陈思罕不满地嘟囔,继续努力。他堆得很认真,小脸上沾了沙粒也顾不上擦。堆了一会儿,他可能觉得一个人没意思,又蹭到沈辰风身边,拉着他的胳膊。
陈思罕“月月,你也堆嘛!我们一起堆个大的!比之前张函瑞那个还要大的!”
沈辰风被他眼里的期待看着,不忍拒绝,也学着杨博文的样子,开始用手拢沙。细沙从指缝流走,触感微凉。
共存……做点能让自己平静的事……
对,他要找方法。他不能坐以待毙。
可是,怎么找?
沈辰风的手指顿住了,沙子从掌心滑落。
陈思罕“月月,你这里堆歪了都!”
陈思罕指着沈辰风面前那一小滩不成形的沙子。
陈思罕“要这样,拍一拍,才会结实。”
他说着,伸出沾满沙子的小手,在沈辰风堆的那滩沙子上用力拍了几下,留下几个清晰的小手印,此时的陈思罕终于有了一点哥感(欣慰)。
沈辰风“嗯,我重新来。”
沈辰风点点头,开始更认真地对待眼前这堆沙子。他学着陈思罕的样子,把沙子拢成一个小丘,然后用手轻轻拍打侧面,试图塑造成城墙的形状。
杨博文抬起头,看到沈辰风终于不再神游天外,而是低着头,很认真地甚至有些笨拙地在拍打着沙堆,嘴角上升两个像素点。他没说话,只是继续做着自己的事,偶尔在陈思罕堆的塔快要倒塌时,伸手扶一把,或者递过去一点湿沙。
三个人就这样,在喧嚣的海滩一角,安静地堆着一个注定会被潮水带走或者被海风吹散的沙堡。
没有太多言语,只有沙沙的挖沙声,和海浪拍岸的轻响。
但就是这份简单和平静,让沈辰风紧绷了一天的神经,慢慢地松弛下来。那些冰冷的系统提示,那些迫在眉睫的任务,那些沉重的恐惧,似乎都被暂时隔绝在了这片小小的沙堡之外。
陈思罕堆了一会儿,累了,一屁股坐在沙地上,靠在了沈辰风的腿上。他仰起小脸,看着沈辰风。
陈思罕“月月,你别难过了。不管发生什么事,我们都会陪着你的。”
沈辰风低头看着他,看着那双清澈见底,写满依赖和信任的眼睛,心里涌起一股巨大的暖流,几乎要将他淹没。

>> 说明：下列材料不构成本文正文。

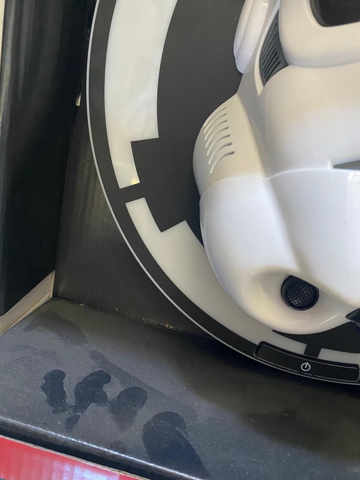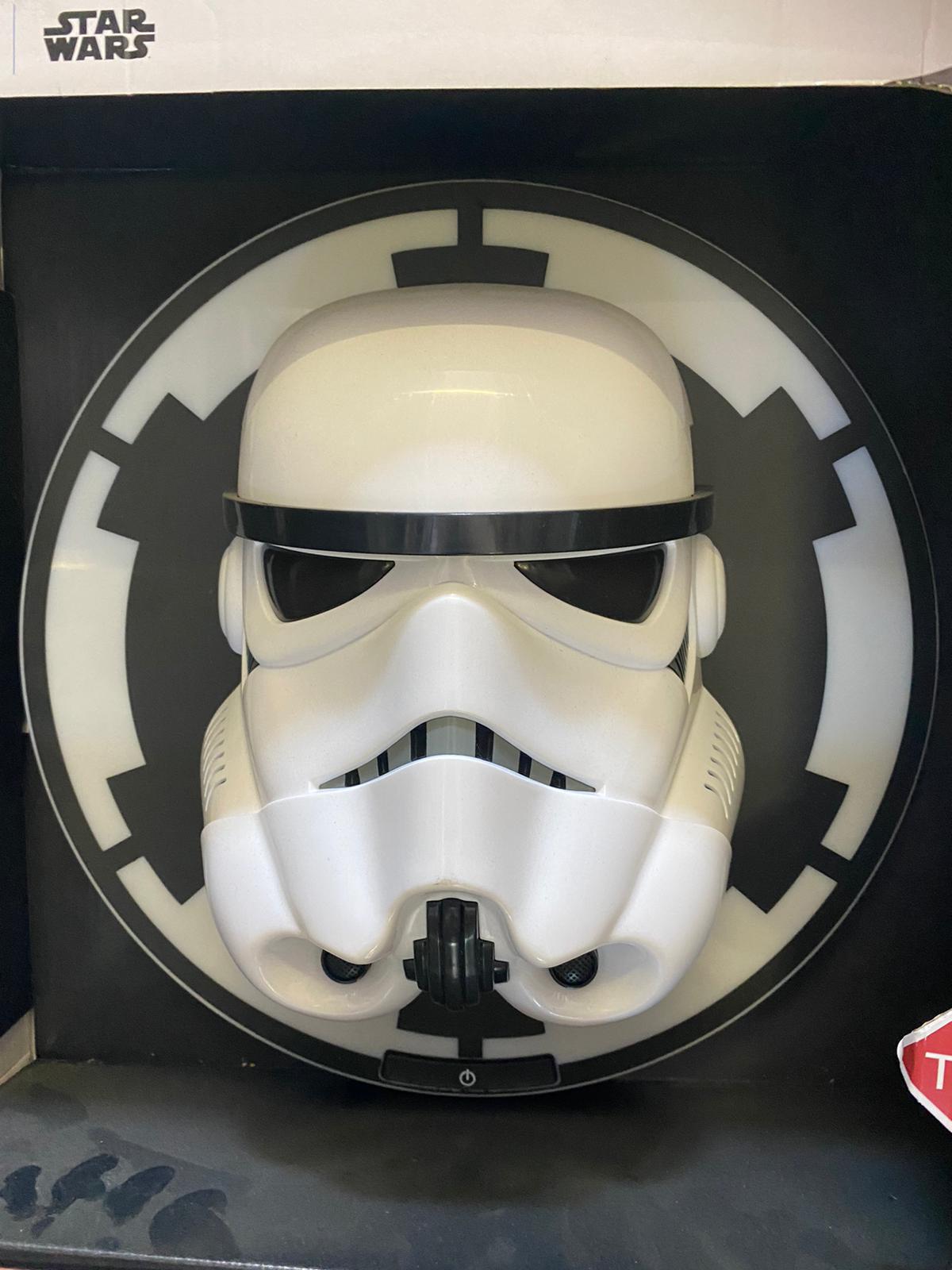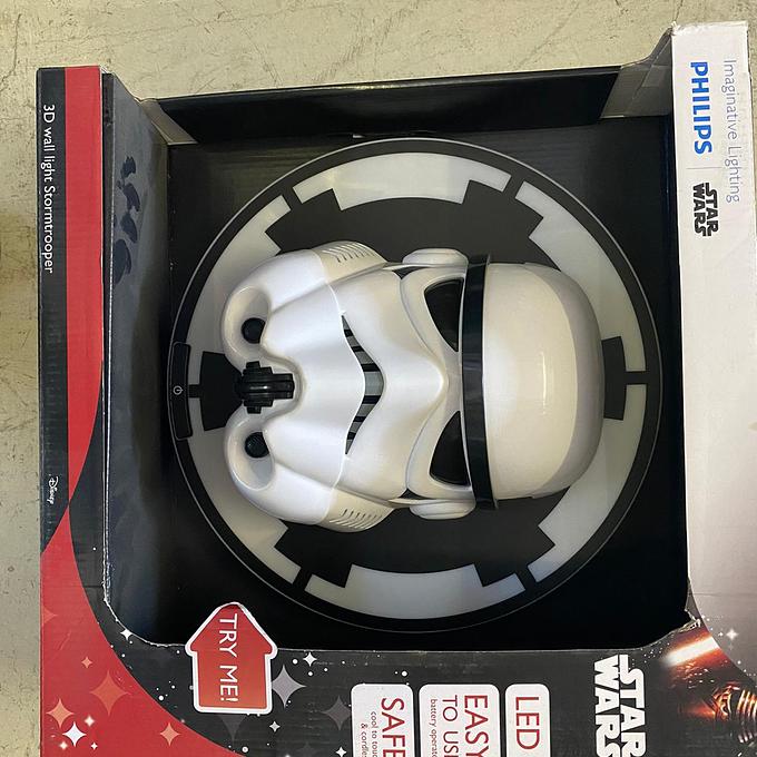 Productbeschrijving: wandlamp met motief uit de film Star Wars - Stormtrooper. Deze decoratie heeft drie modi: 1e) niets is uit 2e) nadat u op de knop hebt gedrukt, gaan beide ogen en de rode buitenring branden 3.) De volgende andere persing gaat alleen uit de buitenste ring en stralende ogen
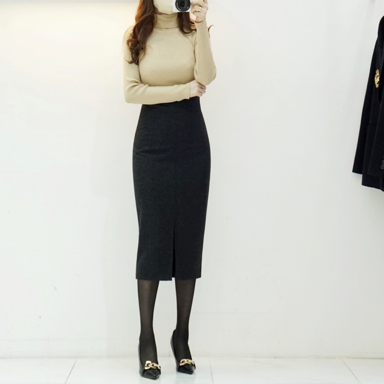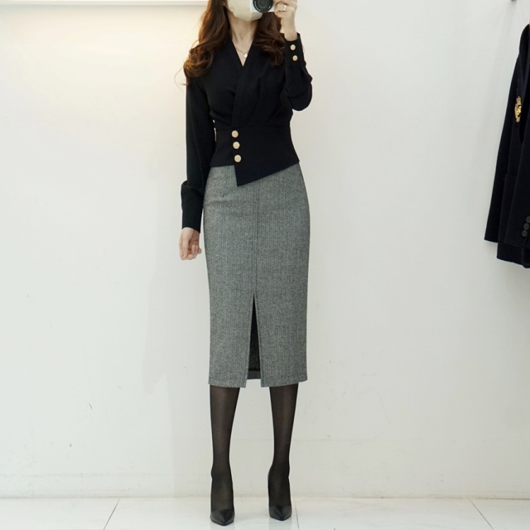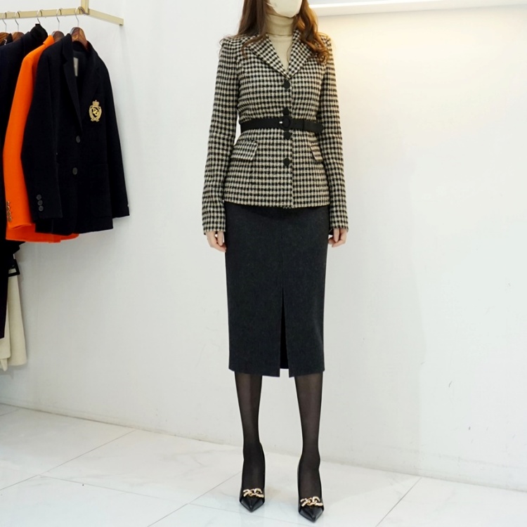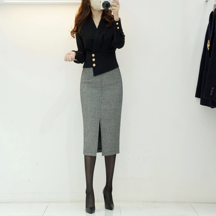 헤링본 앞트임 하이웨스트 H라인 펜슬 스커트
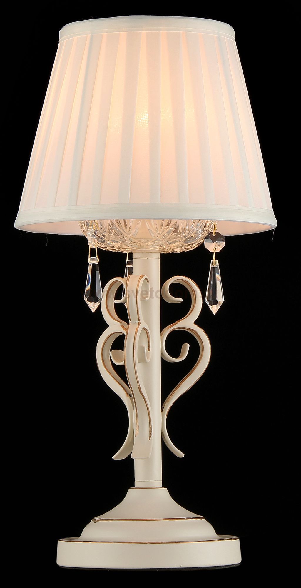 Арматура из металла. Абажур из плиссированного атласа. Подвески из *хрусталя. Комментарий
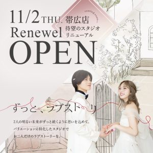 ただいま11/2にリニューアルオープンに向けてスタジオを改装しております!! 新しく生まれ変わったスタジオで新しいドレスを着て撮影しませんか?

他伸出手,很轻地擦掉陈思罕脸颊上的沙粒,声音有些哑。
沈辰风“嗯,我知道。谢谢思罕。”
陈思罕满意地笑了,又往他腿上蹭了蹭,像只找到窝的小猫。
杨博文也停下了动作,看着他们。他没有说任何安慰的话,只是很平静地陈述。
杨博文“沙堡虽然不结实,但堆的时候,专注的是当下。”
专注当下是杨博文经常对他说的一句话,也是他曾经最坚信的一句话。
未来如何,无法掌控。系统如何,暂时无法摆脱。此刻,在这个阳光温暖、海风轻柔的下午,身边有朋友的陪伴,可以暂时忘记那些烦恼,专注于堆一个幼稚的沙堡。(我去好押韵,不愧是我。)
至少,让他有了一点喘息的空间,有了一点继续前行的力气。
远处的嬉闹声似乎远去了。王橹杰补录完镜头,正朝这边走来,目光第一时间锁定了沈辰风。当他看到沈辰风脸上带上了一点宁静的神情时,脚步微微一顿,眼神柔和下来。
左奇函他们也结束了玩闹,一边互相泼着水一边往岸上走。张函瑞依旧坐在阴凉处,目光平静地扫过沙滩上这温馨的一幕。
海风吹过,带走了细沙。
也许,他可以在系统的缝隙里,找到一丝喘息和挣扎的空间。
也许……他还有希望。
沙堡终究会消失。
一起堆沙堡的人,和这份在困境中互相支撑的温暖,或许,能留得更久一些。